Required action:
What needs reproducing is the run of lines in the data below starting at the line with "The LC curve’s" and ending at the line with "blue eyes, blonde", both ends included. Copy it exactly, without pictures, and add nothing.

Records from a dataset:
"""

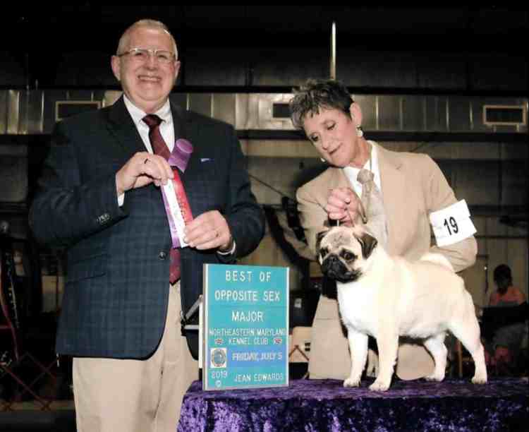 Lexi is one of the few conformation champion pugs to have earned a CDX Obedience title.
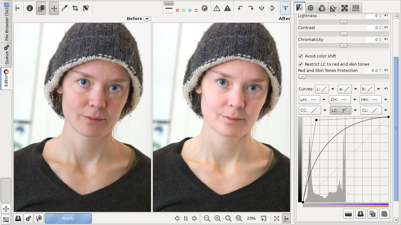 The LC curve’s action is modulated by the Restrict LC to red and skin tones checkbox. Thus the LC curve provides a complex image control, altering lightness based on image chromaticity and also targeting a specified range of hues. With this option enabled, the lightness of only red and skin tones is affected, for example allowing you to make skin fairer and conceal wrinkles and blemishes while preserving the color of the model’s clothes and background. When it is disabled, the LC curve acts on other colors as well.
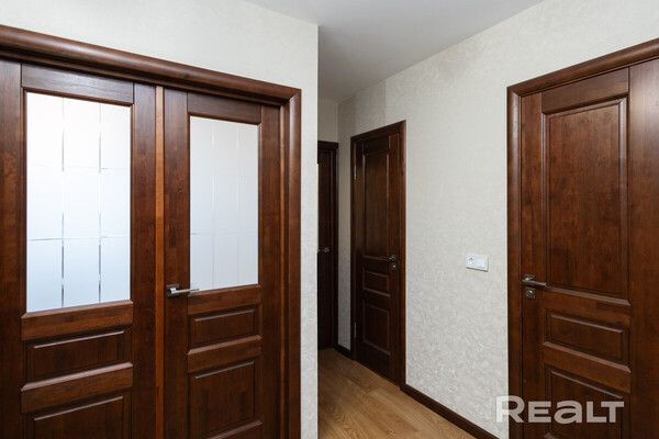 Квартира выглядит аккуратной: светлые стены, на полу лежит теплый оттенок ламината. Владельцы готовы оставить мебель, но по желанию покупателя она может быть вывезена. Пространства получились просторными. В коридоре можно организовать несколько зон для хранения вещей. Из кухни имеется выход на застекленный балкон.
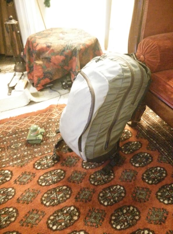 It is with great sadness that today I bid goodbye to My Backpack, faithful companion all over the world for the last six or seven years. I don’t tend to get that hung up on physical objects, but it is the best bag I’ve ever had, a perfect 32 litres of black and grubby feldgrau, with a padded central pocket for laptops, a spacious mainbay for general goods, and a little top pocket right at my shoulders for wallets, phones, keys, headphones, batteries, memory sticks, train tickets and all those other little things. It’s been with me on every one of the travelogues I’ve written; it’s probably spent more time with me than any other person or object in the last decade. Friends, phones, countries, pairs of spectacles have all gone and come, but the bag has remained, eternal.
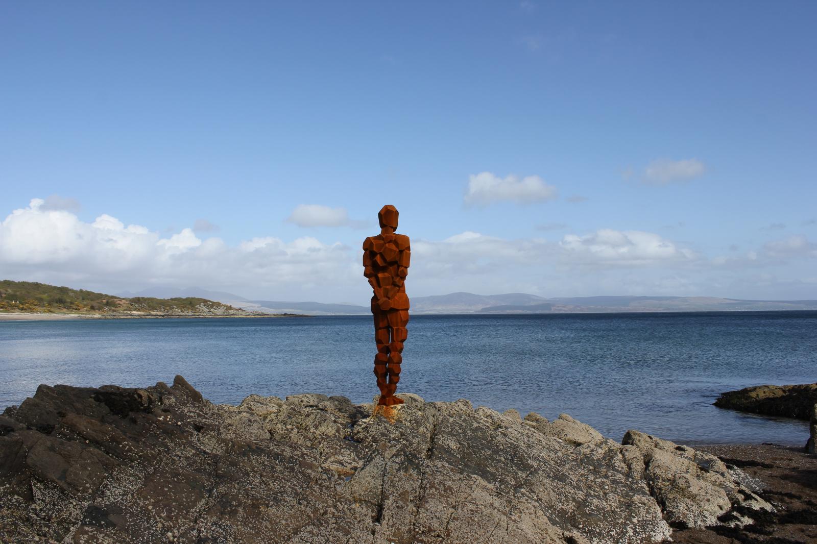 GRIP is a sculpture created for Saddell Bay by artist Antony Gormley as part of the LAND installation to mark the Landmark Trust’s 50th anniversary. The abstract human form gazes out over the Kilbrannan Sound to Arran from the rocks below Saddell Castle.
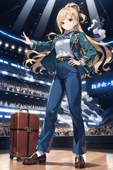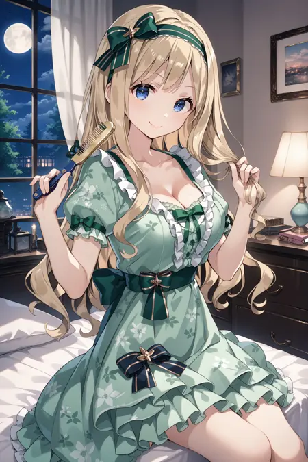 blue eyes, blonde hair, long hair, very long hair, wavy hair, medium breasts, large breasts,
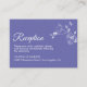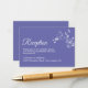 Diese elegante und minimalistische Hochzeitsempfangskarte besticht durch eine hübsche, zarte, weiße Orchideenreihe, die oben in einem klassischen, periwinkelblauen Hintergrund das Design zeichne. Bearbeiten Sie die Vorlagenfelder einfach, um die Informationen Ihres Empfangs in einem modernen und einfachen weißen Schriftart hinzuzufügen. Für weitere Personalisierungen oder Sonderanfertigungen, kontaktieren Sie mich bitte unter acherryonthecake@hotmail.com (bitte 1-2 Arbeitstage). Diese Empfang-Umschließungskarte ist Teil der Kollektion "Delikate Orchideen - Periwinkle Lila Hochzeitssuite", die mit vielen Gegenständen für eine einzigartige Hochzeitssuite zusammengestellt ist.
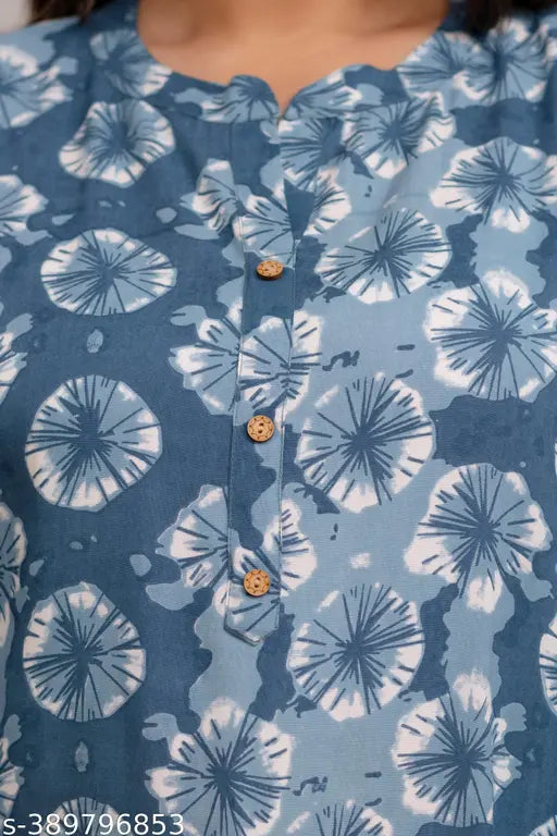 Rayon All sizes comfortable Rayon Blue Short kurti is printed with latest trend which will keep you in pleasant mood in summer time. It looks stunning every time you match it with accessories. The colour is very beautiful which will give a rich sense and style to you.
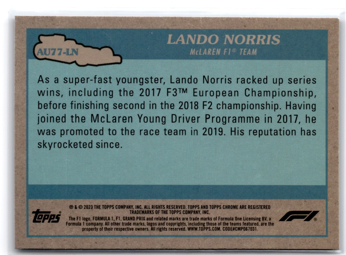 2023-24 Topps Formula One Chrome Mclaren F1 Lando Norris McLaren #AU77-LN
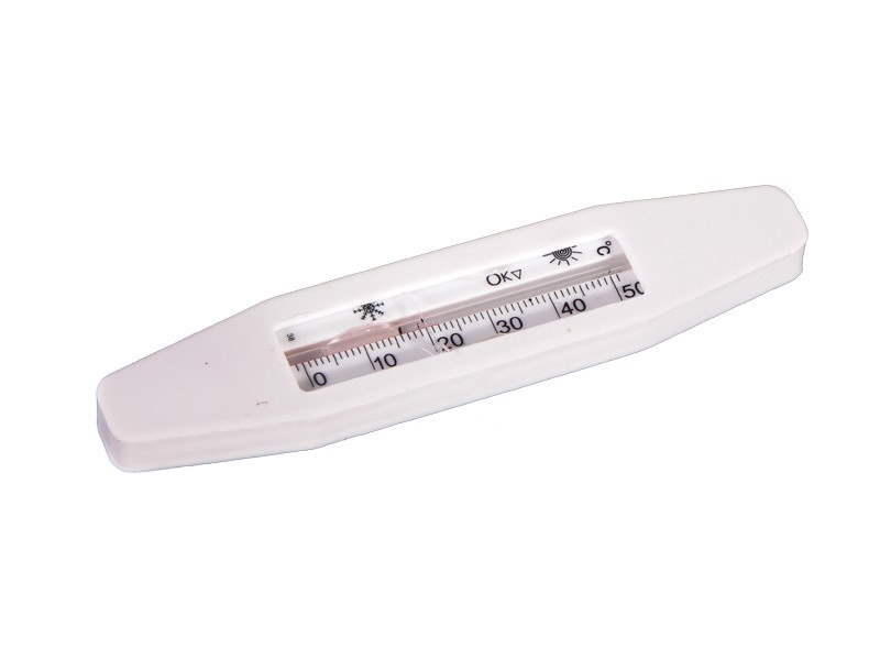 Регуляция температуры тела у ребенка отлична от таковой у взрослого. Поэтому руководствоваться надо не собственными ощущениями, а реакциями младенца. Вода не должна позволить ребенку расслабиться. Холодовое воздействие на кожу резко усиливает кровоток в мышцах, увеличивает их тонус. Активнее работает сердце, в кровь выбрасываются биологически активные вещества, стимулирующие обмен и повышающие сопротивляемость инфекциям. Повышение и понижение соответственно рекомендуемым температурам на 2-3 °C приводит к сильному высушиванию кожи, слабости, головокружению, проблемам с сердечно-сосудистой и эндокринной системой, обострение хронических заболеваний. Избежать такого рода неприятностей Вам помогут высокоточные термометры Рыбка ТБВ-1.Термометр для воды Рыбка ТБВ-1 предназначен для измерения температуры воды в диапазоне температур +10 +50 градусов С, цена деления 1 градус С
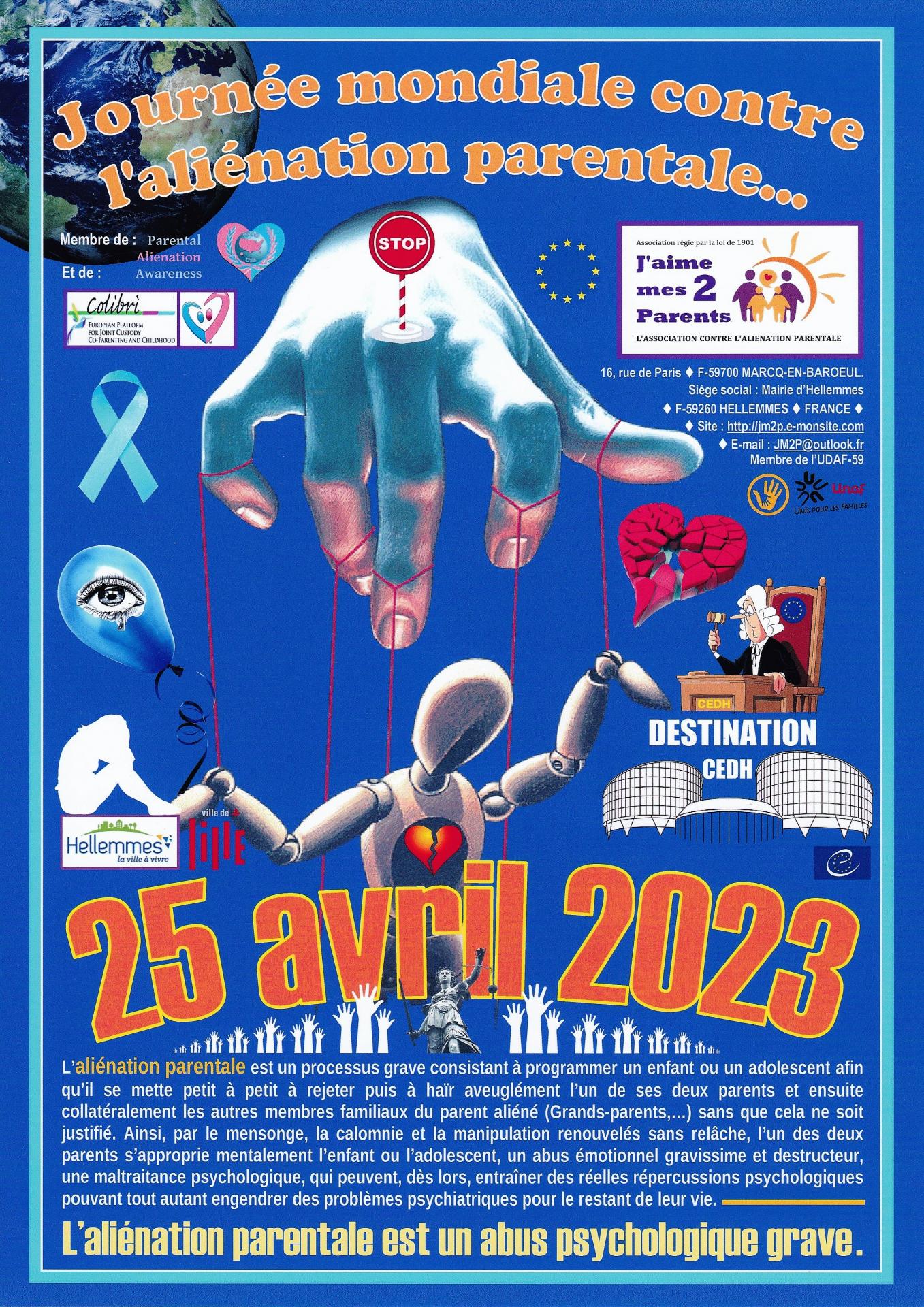 Le 25 AVRIL : De nombreux pays à travers le monde s’engagent pour cette journée internationale contre l’exclusion parentale, contre les violences psychologiques qu’implique l’aliénation parentale, pour le maintien des liens parentaux avec l’enfant.
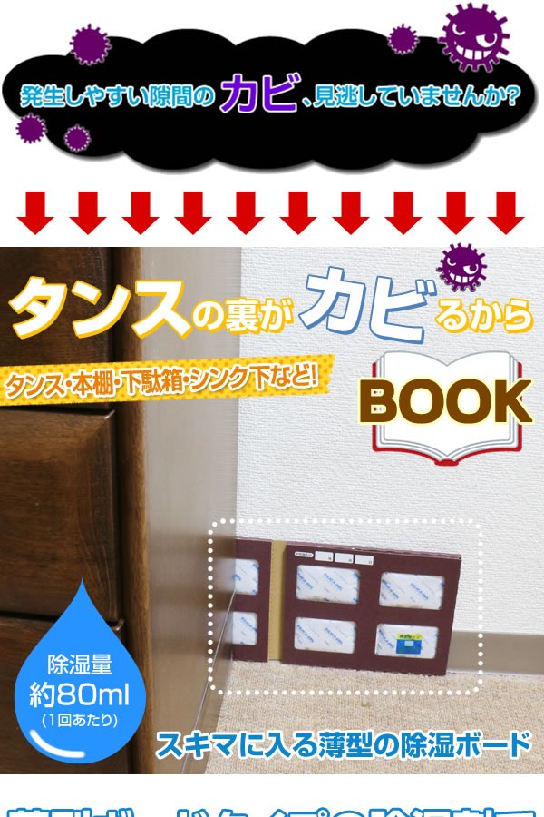 <h1>隙間に入る薄型除湿剤。タンスの裏やシンク下はもちろん、BOOK型なので下駄箱などの角に立てて入れたり、切り離して両隅に設置して効果的に除湿!タンス/裏/隙間/カビ/湿気/除湿/下駄箱/クローゼット/吸湿/場所をとらない/薄い/壁/</h1>
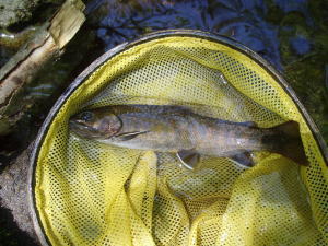 まず最初に行ったのはT沢。ここはたいへんきれいな流れでかつ釣りやすい。久しぶりにフライフィッシングをする私にもイワナが3匹ほど釣れた。

"""

Expected answer:
 The LC curve’s action is modulated by the Restrict LC to red and skin tones checkbox. Thus the LC curve provides a complex image control, altering lightness based on image chromaticity and also targeting a specified range of hues. With this option enabled, the lightness of only red and skin tones is affected, for example allowing you to make skin fairer and conceal wrinkles and blemishes while preserving the color of the model’s clothes and background. When it is disabled, the LC curve acts on other colors as well.
 Квартира выглядит аккуратной: светлые стены, на полу лежит теплый оттенок ламината. Владельцы готовы оставить мебель, но по желанию покупателя она может быть вывезена. Пространства получились просторными. В коридоре можно организовать несколько зон для хранения вещей. Из кухни имеется выход на застекленный балкон.
 It is with great sadness that today I bid goodbye to My Backpack, faithful companion all over the world for the last six or seven years. I don’t tend to get that hung up on physical objects, but it is the best bag I’ve ever had, a perfect 32 litres of black and grubby feldgrau, with a padded central pocket for laptops, a spacious mainbay for general goods, and a little top pocket right at my shoulders for wallets, phones, keys, headphones, batteries, memory sticks, train tickets and all those other little things. It’s been with me on every one of the travelogues I’ve written; it’s probably spent more time with me than any other person or object in the last decade. Friends, phones, countries, pairs of spectacles have all gone and come, but the bag has remained, eternal.
 GRIP is a sculpture created for Saddell Bay by artist Antony Gormley as part of the LAND installation to mark the Landmark Trust’s 50th anniversary. The abstract human form gazes out over the Kilbrannan Sound to Arran from the rocks below Saddell Castle.
 blue eyes, blonde hair, long hair, very long hair, wavy hair, medium breasts, large breasts,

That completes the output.